What new idea or innovation is having the most significant impact on the filmmaking world?
Newer digital cameras have such high image quality and they're affordable. They're so small. You can carry them in a backpack and be unobtrusive when you are out shooting footage. With today's airline bag fees, it helps that cameras are so small. We're using DSLR cameras.
What's something that most people just don't understand about your area of expertise?
People really like the film and think that it will soon be broadcast on television, screened at theaters in their towns, and streamed online. But when everyone involved in the film has a full-time job and no real filmmaking experience, things move a little slowly.
What's an emerging trend that you think will shake up the filmmaking world?
Self-distribution. I think more and more filmmakers will sell their films on their own websites instead of hoping to ink a deal with a distributor and then share the profits with that company.
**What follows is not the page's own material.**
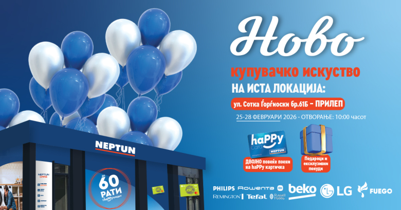 Новата продавница во Прилеп нуди повеќе простор, појасна организација на одделите и подобрена понуда, со што купувањето станува побрзо, полесно и попријатно. Посетителите ќе можат да се запознаат со најновите технолошки производи, иновативни решенија за домот, како и со стручна поддршка од тимот на Нептун, подготвен да помогне при секој избор.
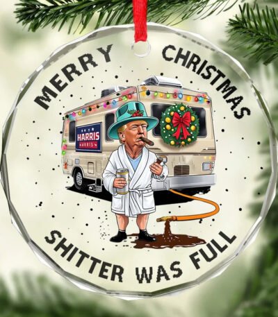Cousin T Refuels And Enjoys This Christmas – US Elections Circle Glass Ornament – Christmas Gift And Decor For Conservative Supporters

We're selling Stitched DVDs on our website and at screenings across the country. If you are going to go this route, you have to be aggressive and hard working.
In April, we drove a DVD-stuffed car from Houston to quilt shows in Cincinnati, Ohio, and Paducah, Kentucky. Museums and quilt shops are hungry for content to provide to their customers and I'm amazed how easy it is to book screenings. All you have to do is produce an entertaining, quality film, contact venues, and get publicity. We've had to think of venues such as libraries, quilt stores, and empty shops since we can't afford to rent a theater. To help spread the word out about the film, I email press releases to quilt guilds and journalists. Many quilting websites and magazines ask me to write essays about the film and the filmmaking process because they need content.
What's a filmmaking trend that you wish would go away?
I wish that film festivals, indie theaters, and film organizations could provide a little more support to truly independent films. Many festivals want to have the world premiere of your film, but a filmmaker is faced with the decision of sitting on a film for a year or two or see if they get into film festival or start selling it. Since we knew there was a market of 21 million quilters, we chose to start selling Stitched DVDs instead of waiting. Theaters tend to charge you to screen the film and I wish more would agree to screen the film at no charge but take some of the ticket sales.
What's an idea you became fascinated with but that ended up taking you off track?
We shot too much footage of things that didn't really fit into the storyline. We had more than 250 hours of footage and I should have done a better job telling people that certain interviews or scenes didn't fit. But when you are making your first documentary, you doubt your news judgment and think others know the subject better.